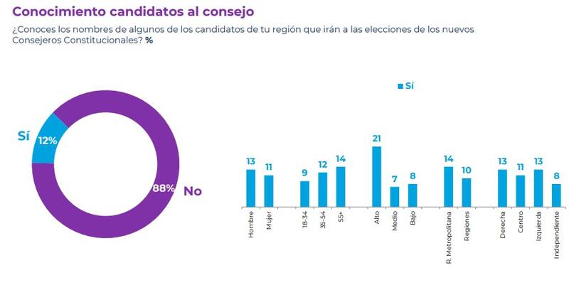 Asimismo, un 88% desconoce los nombres de los aspirantes de su región a este nuevo organismo del proceso constituyente.
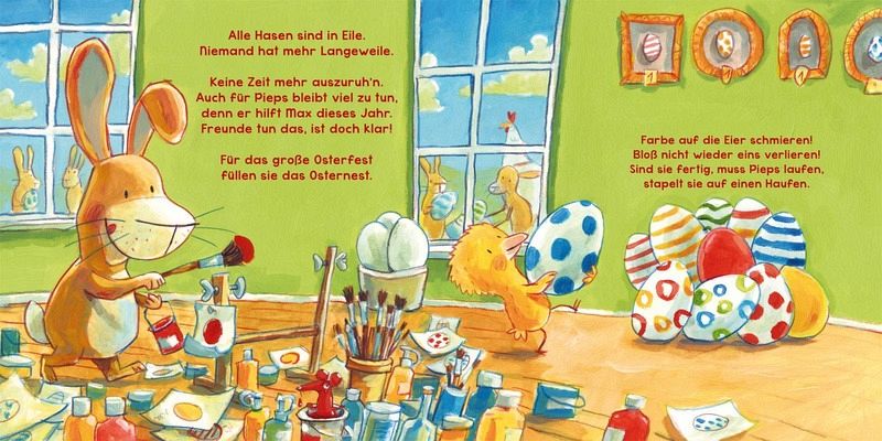 Alle Hasen sind in Eile. Niemand hat mehr Langeweile. Für das große Osterfest füllen Osterhase Max und sein Freund Pieps die Osternester. Doch dann passiert ein Missgeschick und alle Eier rollen davon. Jetzt rennen alle Tiere hinterher, um sie wieder einzusammeln. Bis nur noch ein Ei übrig bleibt. Als dieses zerbricht, gibt es eine Überraschung: Ein Schnabeltier schlüpft heraus.
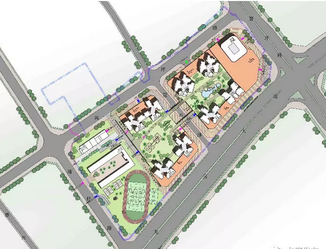 地塊機動車出入口位置由丹荷大道調(diào)整至規(guī)劃南寶路,并在積谷田路新增一個幼兒園機動車出入口。
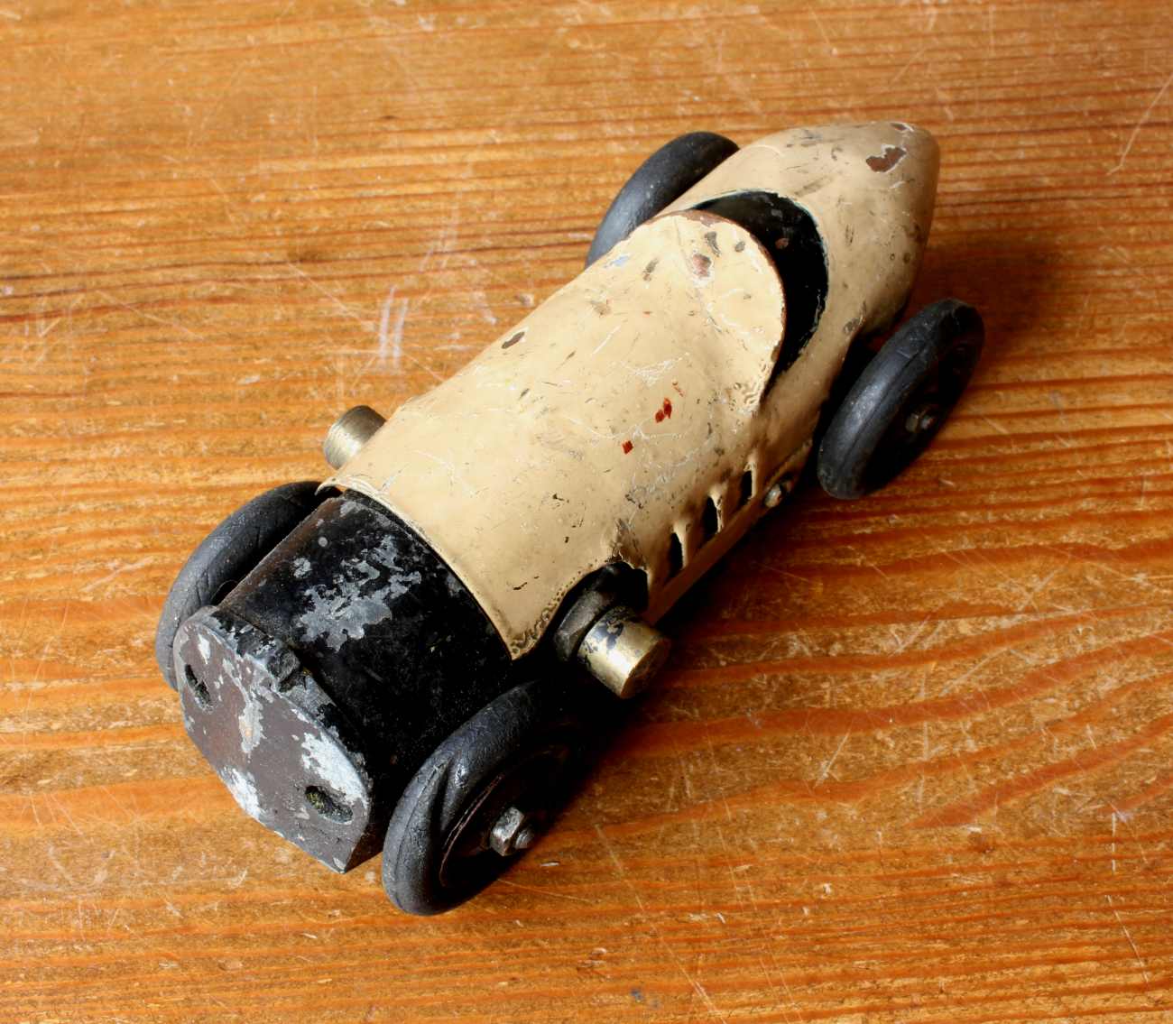The model which looks to date from the second quarter of the 20th century is well designed and has a tether car feel to it but is a home built slot car.
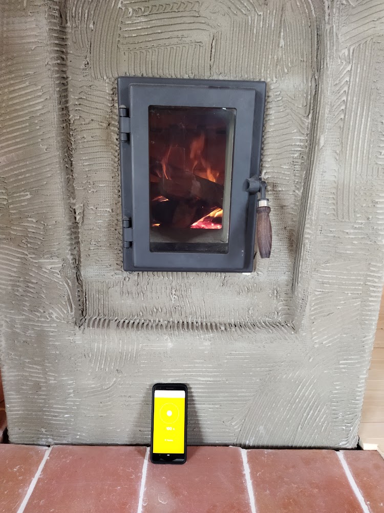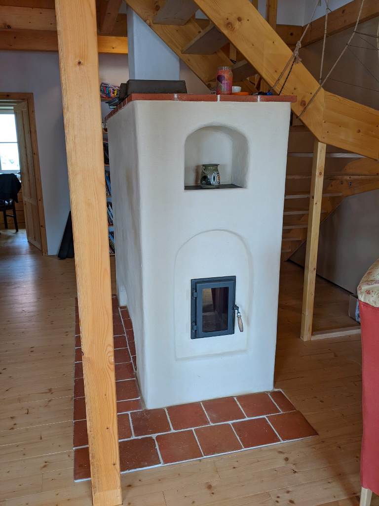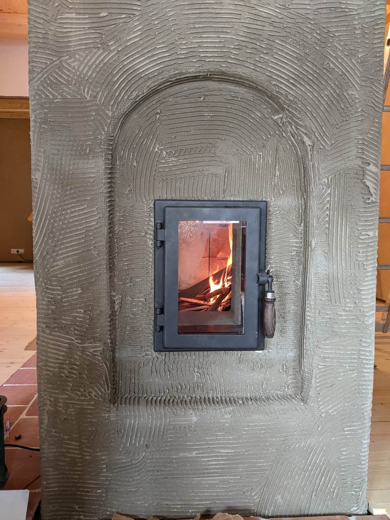 Lehká akumulační kamna s automatickou klapkou, jednoduchým prosklením, ohniště a tahovým systémem Brula, žárobetonová obestavba, lepidlo + perlinka, plotýnka na ohřev čaje. Kování: Jokr - jednosklo; přívod vzduchu řešen regulací Timpex
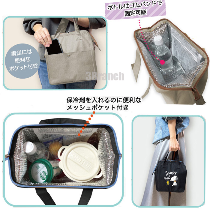 内側は保冷仕様になっており、お弁当やドリンクをしっかり保冷。
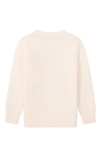 Кремовый пуловер с фактурными узорами связали из мягкой шерстяной пряжи с добавлением нежного пуха альпака и прочного акрила, поэтому в изделии будет комфортно в прохладную погоду. Модель украсили спереди и на рукавах реглан крупной цветочной вышивкой.
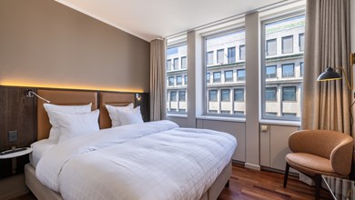 Bakom fasaden väntar 268 rum i stilren nordisk design, med luftkonditionering, kvalitetssängar och genomtänkta detaljer som skapar en rofylld miljö både för arbete och avkoppling. Från tidig morgon till sen kväll finns det plats för njutning. Börja dagen i vår frukostrestaurang där varma toner och doften av nybakat bröd och nybryggt kaffe sätter stämningen.
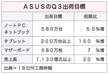 証券会社は、ASUSはノートPCのほか、受託生産しているグーグルの低価格タブレット型PC「ネクサス7」も販売好調なため、第3四半期の連結売上高は前期比2割以上増の1,130億台湾元(約3,000億円)となり、四半期ベースの過去最高を更新すると予測している。
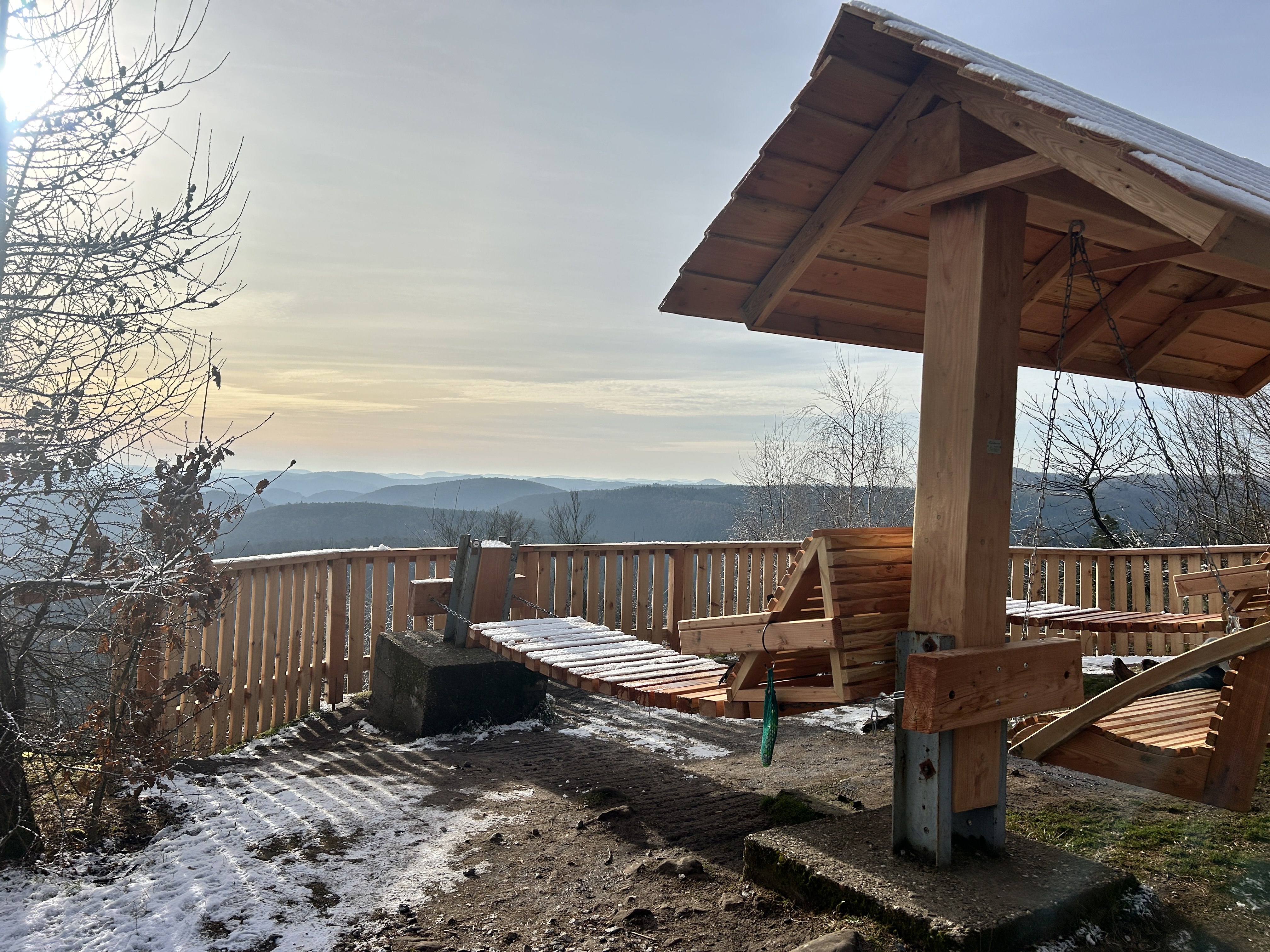 Bei der potentiellen Einkehrmöglichkeit, dem Forsthaus Schwarzer Fuchs, steigen wir in die mittelschwere Wanderung im Pfälzerwald ein und orientieren uns an der Markierung des Rundwanderweg Nummer 3. Auf einem gut ausgebauten und gemütlichen Waldweg kommen wir nach 2 km schnell zum Kirschfelsen. Nachdem wir das beeindruckende Panorama von der Holzschaukel aus genossen haben, gehen wir ein paar Schritte zurück wie gekommen und folgen nun dem Weg nach rechts. Auf schmalen Serpentinen geht es steil bergab, bis wir zur Schutzhütte „Rotsuhlerhütte“ gelangen. Es geht nun nach links weiter auf einem überwiegend gemütlichen Waldweg, bis wir zu einem markanten Schilderbaum kommen.
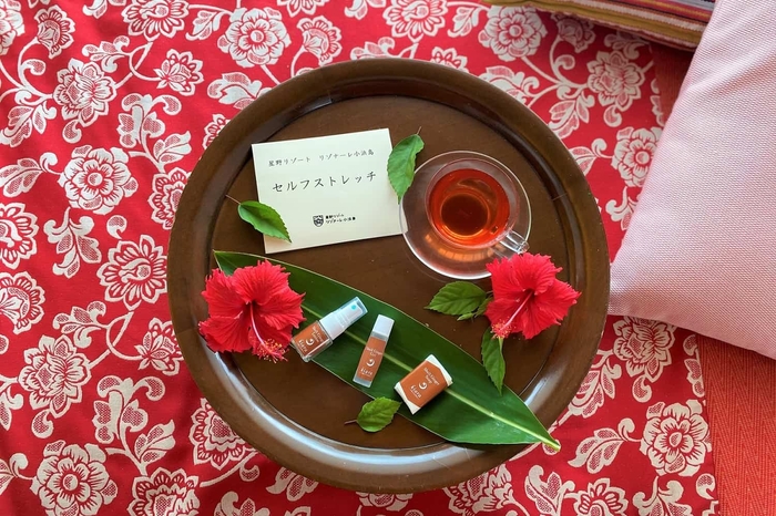 ストレスが溜まる要因のひとつには睡眠不足があると言われています。滞在中にはしっかりと就寝ができるように、ストレッチの指南書とハイビスカスティーを用意します。身体をストレッチでほぐし、日中に焼けた肌を労わるビタミンC豊富なハイビスカスティーでリラックスして、心地よい眠りへと誘います。また、アメニティとして用意したスキンケアセットは、添加物を使用せず、沖縄に馴染み深い月桃を中心に作られており、肌へのストレスを最小限に抑えます。客室で過ごす就寝前のひとときで、上質な睡眠をとることができます。
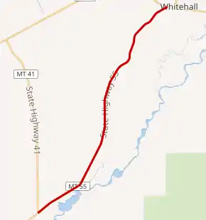 Highway 55 (MT 55) in the U.S. State of Montana is a route running in a northerly direction from an intersection with MT 41 about 4 miles (6.4 km) north of the small town of Silver Star. The highway extends approximately 13 miles (21 km) to an interchange with Interstate 90 (I-90) at the north edge of the town of Whitehall. The route traverses largely agricultural land in the Jefferson River valley.
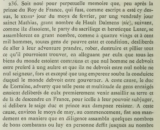Résumé du texte ci-dessus : Peu après l’emprisonnement du roi de France, le 24 févier 1525 à Pavie, un grand nombre de hauts-allemands, alléguent que tous les biens étaient communs, que les hommes étaient égaux et qu’ils ne voulaient reconnaître aucun seigneur excepté l’empereur. C’est la perception que l’on a des événements du côté du royaume de France. Outre son caractère séditieux antiféodal, l’on semble y voir surtout que les paysans sont derrière l’empereur alors que le royaume de France est affaibli.
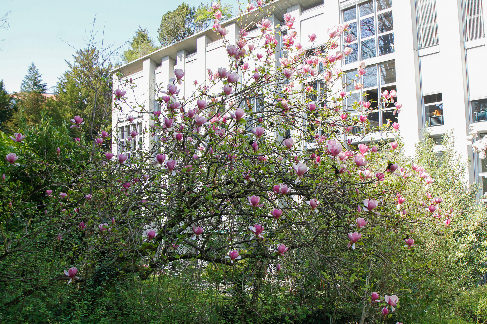Die Magnolien stammen ursprünglich aus Südostasien und Nordamerika und gehören zu einer sehr alten Pflanzenfamilie, was Funde aus der Kreidezeit beweisen. Auf Grund ihrer prächtigen Blüten wurden Magnolien oft als Garten- oder Parkgehölze gepflanzt. Wie die Scheinzypresse und der Riesenmammutbaum waren die Magnolien beliebte Gehölze in Villenquartieren. Leider sind die Blüten ziemlich empfindlich und fallen oft nach einer kalten Nacht ab.
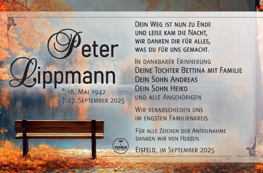 Hier finden Sie alle Traueranzeigen aus der Zeitung, die bisher für Peter Lippmann erschienen sind. Weitere Traueranzeigen, die in der Zeitung erscheinen, werden hier ebenfalls aufgelistet
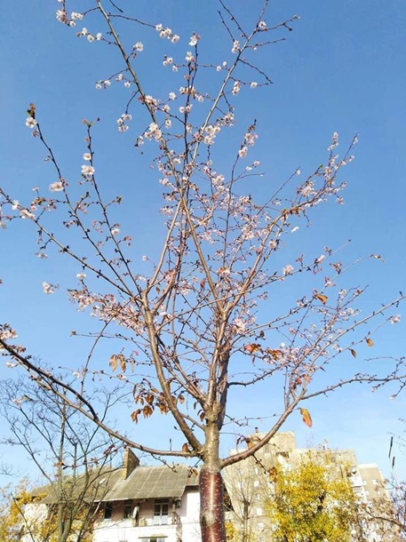 Японські вишні в середині листопада розпустилися на бульварі Верховної Ради у Дніпровському районі столиці.
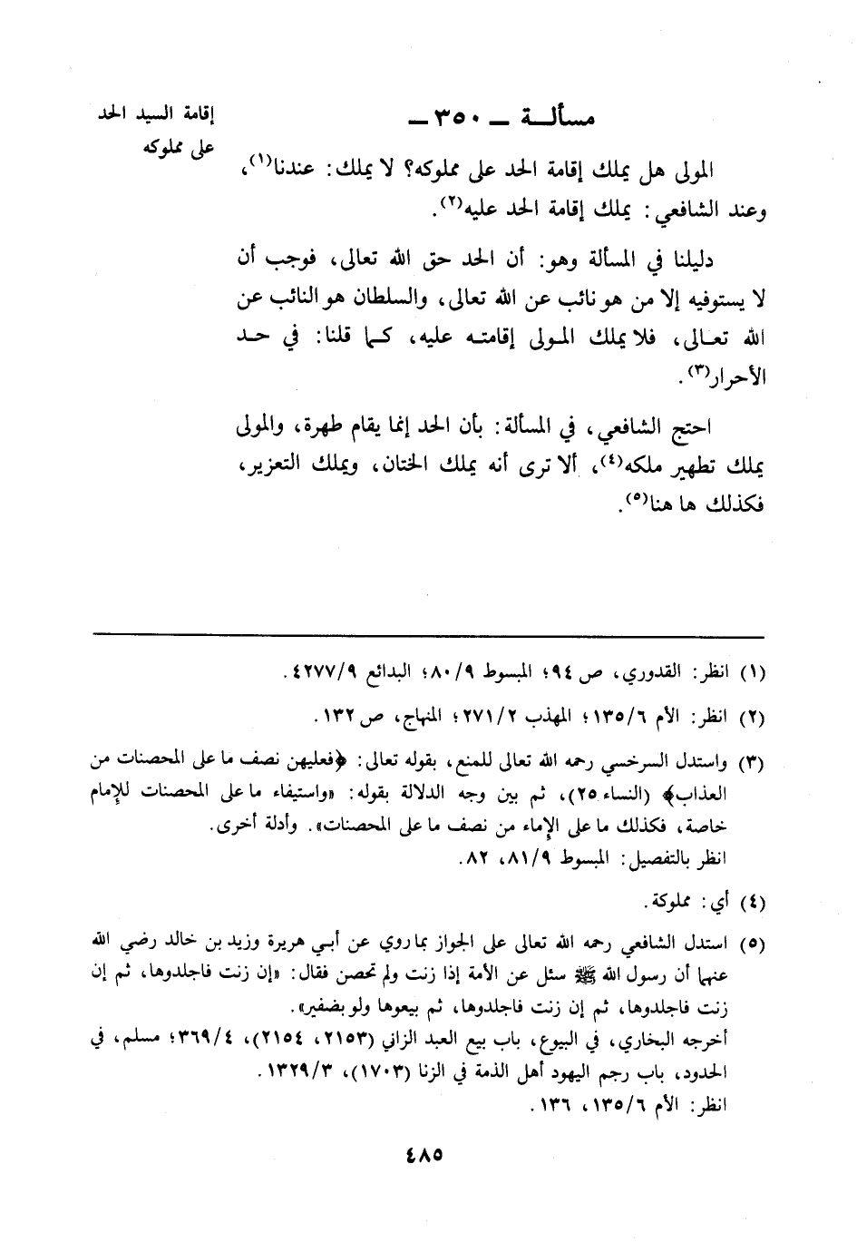 مسألة: 350 - إقامة السيد الحد على مملوكه
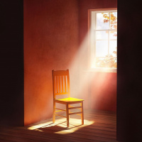 the wooden chair. The scene suggests a quiet, peaceful environment, likely a waiting area or
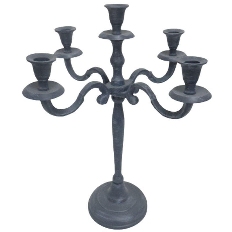 Bougeoir en métal décoratif à 5 lumières avec support de pilier à 5 bras avec dessus de table en nickel polonais décoratif
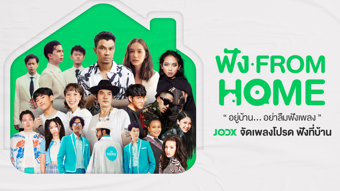 โดยกิจกรรม และแคมเปญสร้างสรรค์ที่ JOOX ได้ส่งต่อความสุขให้คนดนตรี และคนไทย ได้แก่ JOOX ฟัง from Home #อยู่บ้าน…อย่าลืมฟังเพลง จับมือศิลปิน พร้อมค่ายเพลงทั่วประเทศ อาทิ GMM GRAMMY, HolyFox Records, LOVEiS Entertainment ฯลฯ และศิลปินอิสระอีกมากมาย ร่วมกระตุ้นชวนแฟนเพลง คลายเครียดด้วยการเปิด JOOX และกลับมาฟังเพลงของศิลปินคนโปรดของพวกเขาอีกครั้ง โดยได้คัดเพลงบทเพลงฮิตรวมเป็นเพลย์ลิสต์ Best of… ของหลากหลายศิลปิน มากกว่า 170 ศิลปิน มากกว่า 170 เพลย์ลิสต์ ทั้งยังมอบ JOOX VIP ให้เหล่าศิลปินได้นำไปแจกแฟนๆ ให้ฟังเพลงที่บ้าน โดยเป้าหมายของการจัดแคมเปญ “JOOX ฟัง from Home” ที่นอกเหนือจากการชวนทุกคนมาฟังเพื่อผ่อนคลายแล้ว ทุกครั้งที่เกิดการฟังผ่านการสตรีมมิ่งนั่นเท่ากับการสนับสนุนศิลปินให้มีรายได้ และยิ่งได้มากขึ้นเมื่อฟังแบบ VIP มาร่วมเป็นส่วนหนึ่งในการช่วยเหลือบรรดาศิลปินให้ผ่านพ้นช่วงเวลาอันยากลำบากนี้ไปด้วยกัน

▸ **Your objective**: Exactly as they appear, please return only the lines from the first line of the records through the line containing "地塊機動車出入口位置由丹荷大", both included, leaving out all pictures.

▸ **Task output**:
 Asimismo, un 88% desconoce los nombres de los aspirantes de su región a este nuevo organismo del proceso constituyente.
 Alle Hasen sind in Eile. Niemand hat mehr Langeweile. Für das große Osterfest füllen Osterhase Max und sein Freund Pieps die Osternester. Doch dann passiert ein Missgeschick und alle Eier rollen davon. Jetzt rennen alle Tiere hinterher, um sie wieder einzusammeln. Bis nur noch ein Ei übrig bleibt. Als dieses zerbricht, gibt es eine Überraschung: Ein Schnabeltier schlüpft heraus.
 地塊機動車出入口位置由丹荷大道調(diào)整至規(guī)劃南寶路,并在積谷田路新增一個幼兒園機動車出入口。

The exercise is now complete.